Thursday, August 11, 2011

World History Skills

This year I added a section to my World History I syllabus designed to highlight the skills I seek to develop in that course. This is especially important at Shippensburg University, where all freshmen are required to take it, not just for content, but under the heading of "required skills and competencies" specifically for its skill development potential. Here they are:
1.) Global competence – The cultural literacy and habits of mind necessary to work with people from around the world has become a critical aspect of modern education. At Shippensburg University, the world history program is the most important element of developing this skill set.

2.) Communication skills – The 2011 annual survey from the National Association of Colleges and Employers identified written and verbal communication as the skills in which they wished to see the most improvement in their pool of potential employees.

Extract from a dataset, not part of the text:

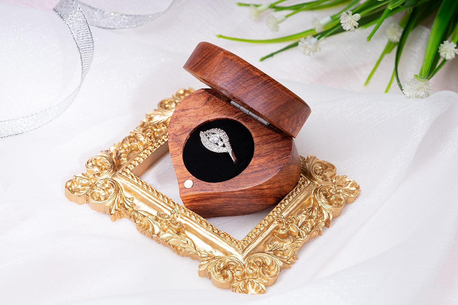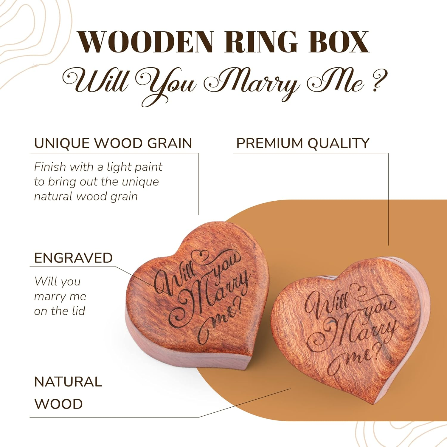 Ring Box Heart - Handmade Wooden Ring Box for Proposal, Ring Holder Box with Single Slot, Unique Heart Shape Engraved with Will You Marry Me? (Heart) ENJOY THE FEATURES ✅ ✨ Premium Natural Wood Craftsmanship – Made from high-quality walnut wood, this ring box exudes a classic, elegant, and durable finish, adding a touch of sophistication to any proposal or special moment. ✅ 💍 Compact and surprising design – Compact size makes it easy to hide, The sharp "Will you marry me?" engraved background is perfect for surprise proposals, anniversaries, and other meaningful occasions. ✅ 💍 Total Size: 1.5in * 1.5in / 3.8 * 3.8cm, Jewelry Storage Space: Ring Size1.07in / 2.6cm, Small Volume and Light Weight, Perfect for a Beautiful Engagement Ring ✅ 🔒 Secure Magnetic Closure – Designed with a strong magnetic mechanism, ensuring a smooth and effortless open-close experience while keeping the ring safe and secure. ✅ 🎁 Soft Velvet Lining for Maximum Protection – The luxurious velvet interior holds the ring firmly in place, preventing scratches or accidental drops. ✅ 💖 Perfect for Various Occasions – Ideal not only for proposals but also as a wedding ring box, anniversary gift, jewelry display case, or keepsake storage for treasured rings and accessories. Product Description FANTASY GIFT FOR YOUR LOVE HANDMADE CARVING Wood ring box for proposal is completely handmade by the skilled craftsmen. The cover is carefully finished with magnetic enclosure. The sponges ring insert insides was coved with smooth velvet, absolutely ensure the ring intact and can’t fall out. UNIQUE GRAIN 100% national color, we just applied a thin layer of paint to bring out the different wood grain. Each box is a unique version of itself, almost no two boxes are exactly alike. It is a unique highlight in the wedding ceremony, or a good movie in your memorable wedding photos. FANTASY GIFT FOR YOUR LOVE Rustic wood ring box is perfect gift for your proposal, specially, the dinner party, when travelling, walking in forest, beach, or campus of church. It is a lasting mementos placed on vintage shelve or in your bedroom as proof of your enduring love. WOOD RING BOX WILL YOU MARRY ME? The Will you mary me Ring Box is crafted from natural wood. Please note that lighting conditions in photos may cause slight variations in color from the actual product Item model number U7-Z8I9-VOVC Style Heart Number of Items 1 Closure Type Drawstring Country of Origin Vietnam Batteries Included? No Jewelry Storage Type Ring Cone Batteries Required? No Number of Compartments 1 Special Feature Lightweight Product Dimensions 1.96"D x 2.05"W x 1.52"H Material Wood Finish Type Polished Item Package Quantity 1 Item Weight 0.32 ounces Finish Polished Occasion Valentine's Day Special Features Lightweight Target Audience Men Part Number U7-Z8I9-VOVC Mounting Type Table Top Color Double ring box Inner Material Velvet & soft sponge Shape Heart Recommended Uses For Product Ring Number Of Pieces 1 2.05 "h x 1.96 "h x 1.52 "h. Weight: 0.32 oz PAYMENT We accept all payments via Ebay using Credit Cards , PAYPAL , Apple Pay and many others SHIPPING We are always working hard to ensure your package arrives as soon as possible. Please understand that some factors like weather, high postal traffic, and the performance of shipping companies are outside of our control. We offer free shipping to the lower 48 states and ship within 2 business days of payment, usually sooner. We do not accept P.O. Boxes. Please provide a physical address. DELIVERY & RETURN POLICY We offer a 30-Day Return Policy on items in which you are not completely satisfied with. You have the option of a full-refund or an exchange of the item. No returns are available on items shipped outside of the USA. Your feedback very important to us, after you get your package and you are satisfied with our service please leave us positive feedback If you have any problem with your order / any questions please before leave any type of feedback

World History I is just one of the classes where these are developed at Shippensburg University. You can never get too much.

3.) Symphonic thinking – Employers also want employees who can recognize patterns and see big pictures. This is one of the key tasks of the historian, and I doubt it’s an accident that when I once did an informal survey of friends to find out what they got from their history courses that was relevant to their lives after graduation, many of them referenced something about learning to organize knowledge.

4.) Reading for learning – This refers to the ability to determine the main points of a text and understand it thoroughly in as efficient a manner as possible. Our readings of Crone will be important to developing this skill early, before we begin reading sometimes archaic-sounding primary sources and occasionally scholarly articles.

5.) Considering evidence – An important part of reasoning is the consideration of evidence to see what we can learn from it, as well as how pieces of evidence can be combined to form larger arguments. This is the most important skill for historians, and so this class is a useful place to develop it.

6.) Attention to detail – Life is more than just details, but details still matter. Have you used appropriate detail in making your case in your paper or discussion? Are your citations and formatting correct?